Transcribe nothing except the lines below that run from the one with "今年上半年新能源汽車產量為7" to the one with "Table with base", ends included, and do not copy any picture.

INPUT DATA
==*==
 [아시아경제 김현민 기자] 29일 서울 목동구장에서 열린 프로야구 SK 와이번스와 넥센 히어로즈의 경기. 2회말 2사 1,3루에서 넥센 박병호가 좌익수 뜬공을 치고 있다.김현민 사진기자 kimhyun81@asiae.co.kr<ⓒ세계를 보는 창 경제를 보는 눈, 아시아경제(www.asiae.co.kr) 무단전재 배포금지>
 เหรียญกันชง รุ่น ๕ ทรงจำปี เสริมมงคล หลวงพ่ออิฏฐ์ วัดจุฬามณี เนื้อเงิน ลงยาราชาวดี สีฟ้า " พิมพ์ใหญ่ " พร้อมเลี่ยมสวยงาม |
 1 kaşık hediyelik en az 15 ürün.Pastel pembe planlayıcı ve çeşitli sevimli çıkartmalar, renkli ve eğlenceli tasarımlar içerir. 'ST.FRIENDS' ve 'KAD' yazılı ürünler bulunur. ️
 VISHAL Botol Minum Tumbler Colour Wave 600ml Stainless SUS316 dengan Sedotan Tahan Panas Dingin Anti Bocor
==*==
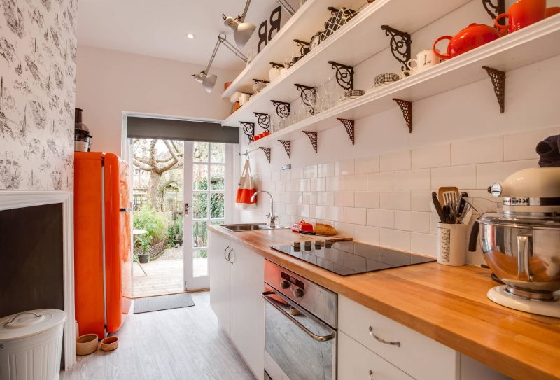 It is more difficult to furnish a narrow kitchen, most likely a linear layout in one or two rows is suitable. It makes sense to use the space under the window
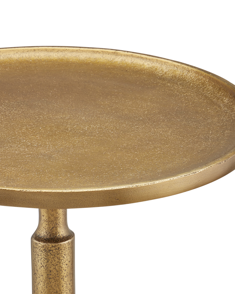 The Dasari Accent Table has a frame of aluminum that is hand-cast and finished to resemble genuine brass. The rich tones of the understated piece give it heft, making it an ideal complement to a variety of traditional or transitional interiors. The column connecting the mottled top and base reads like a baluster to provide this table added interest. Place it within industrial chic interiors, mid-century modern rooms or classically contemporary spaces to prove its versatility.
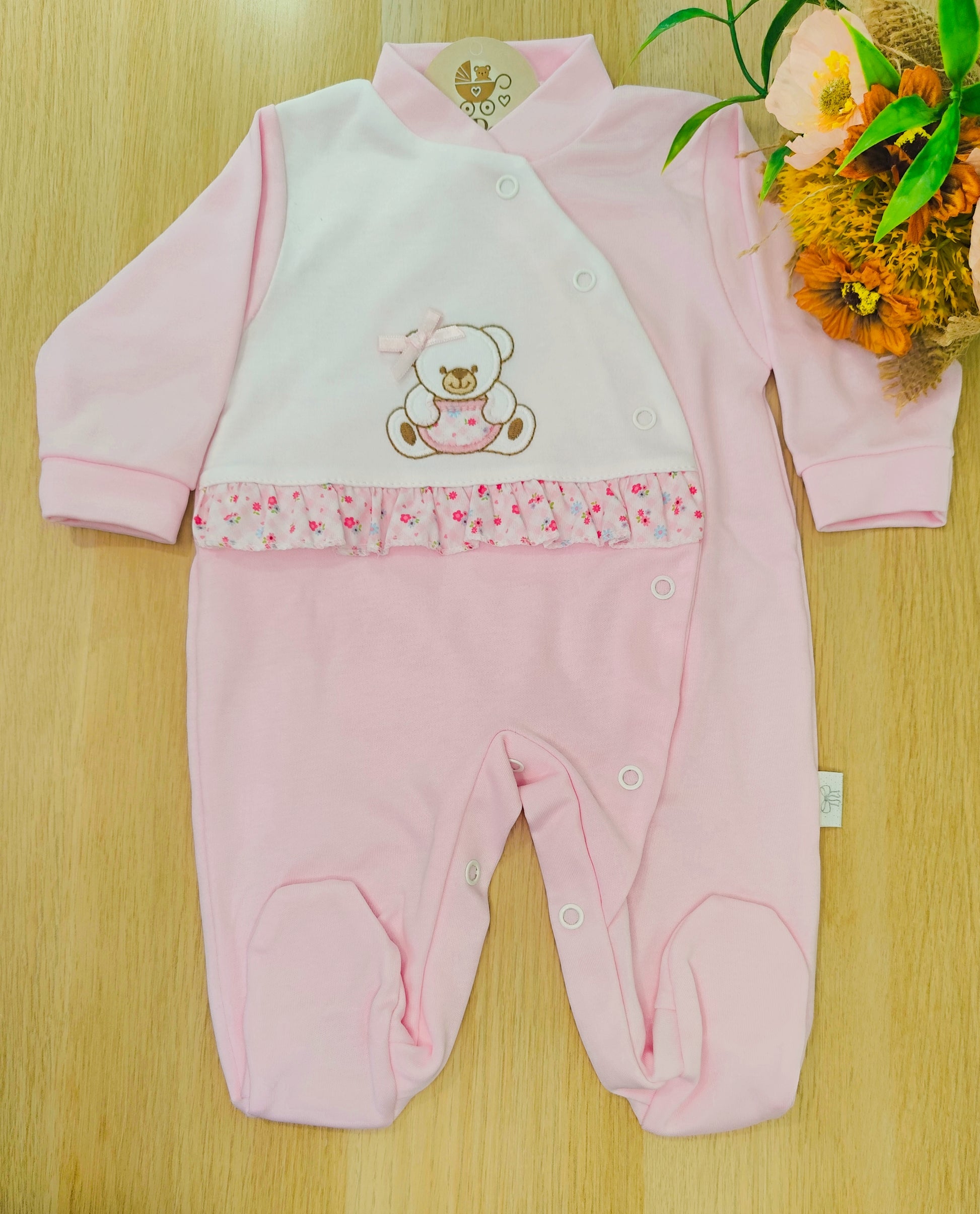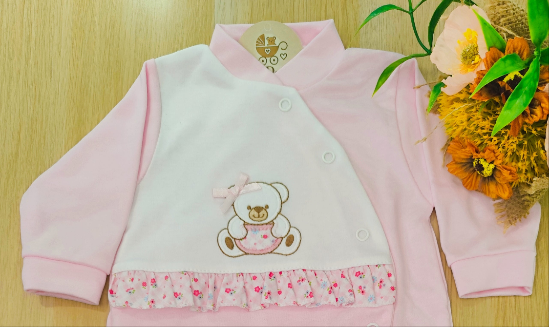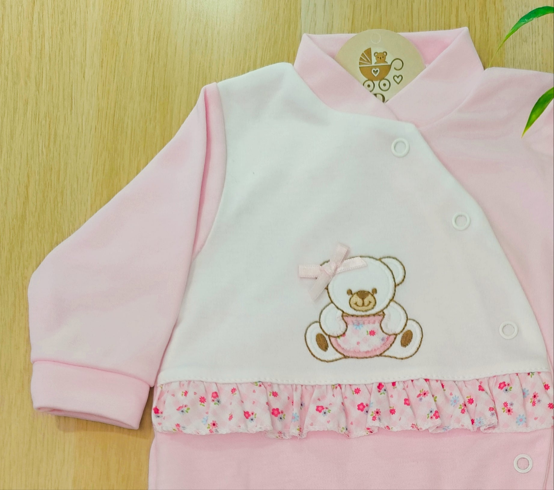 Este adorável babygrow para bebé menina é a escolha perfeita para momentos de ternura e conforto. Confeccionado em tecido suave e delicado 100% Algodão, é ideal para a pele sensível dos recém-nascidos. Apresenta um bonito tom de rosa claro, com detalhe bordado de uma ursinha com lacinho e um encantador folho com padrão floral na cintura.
==*==
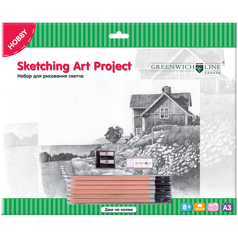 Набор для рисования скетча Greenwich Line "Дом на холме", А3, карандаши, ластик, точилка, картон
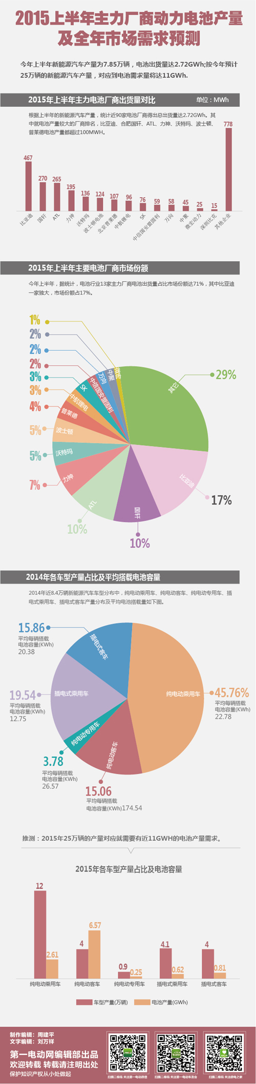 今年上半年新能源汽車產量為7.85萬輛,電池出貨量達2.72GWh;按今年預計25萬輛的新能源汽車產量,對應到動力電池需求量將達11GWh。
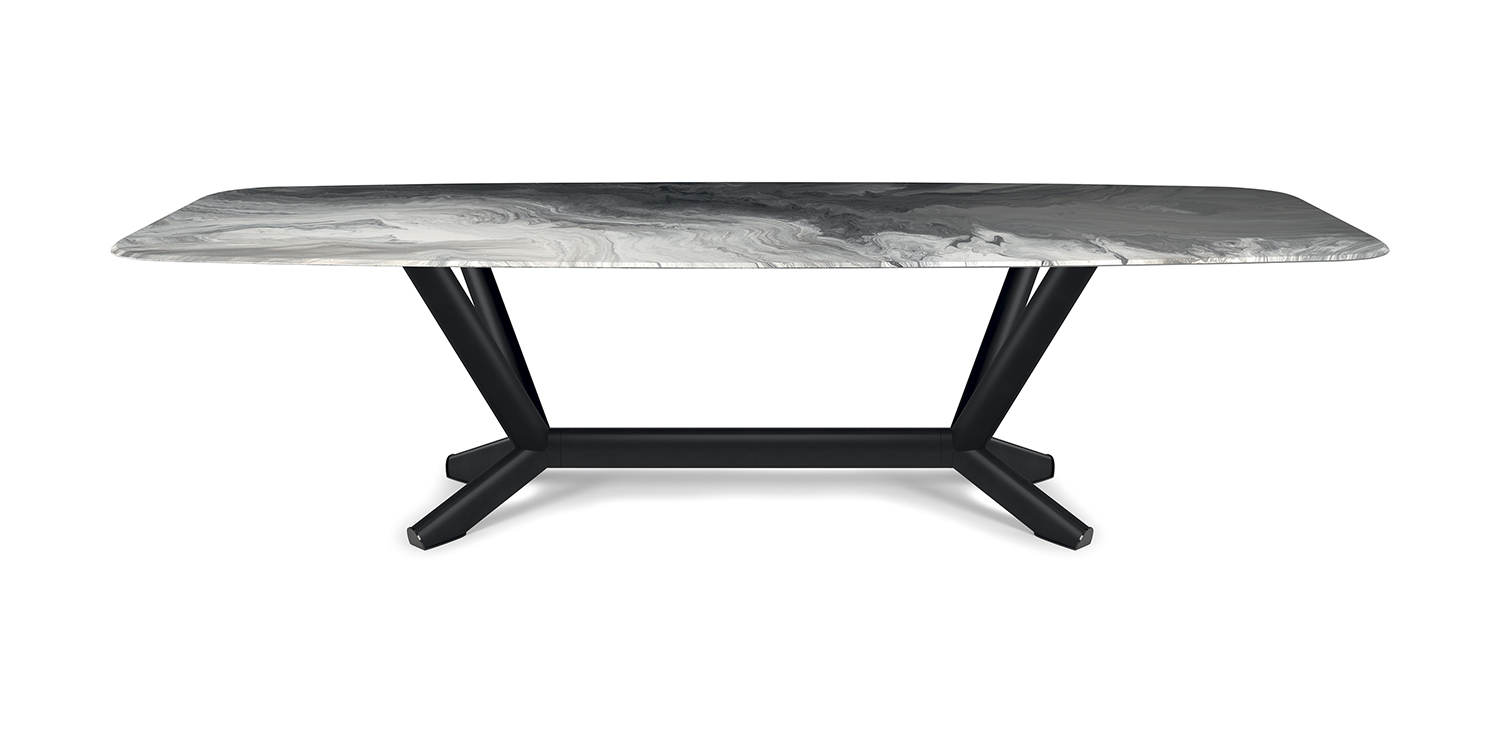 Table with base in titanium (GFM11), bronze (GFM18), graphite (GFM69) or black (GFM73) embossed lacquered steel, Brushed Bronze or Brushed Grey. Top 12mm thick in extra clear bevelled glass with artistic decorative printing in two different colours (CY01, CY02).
==*==
THE ANSWER
 今年上半年新能源汽車產量為7.85萬輛,電池出貨量達2.72GWh;按今年預計25萬輛的新能源汽車產量,對應到動力電池需求量將達11GWh。
 Table with base in titanium (GFM11), bronze (GFM18), graphite (GFM69) or black (GFM73) embossed lacquered steel, Brushed Bronze or Brushed Grey. Top 12mm thick in extra clear bevelled glass with artistic decorative printing in two different colours (CY01, CY02).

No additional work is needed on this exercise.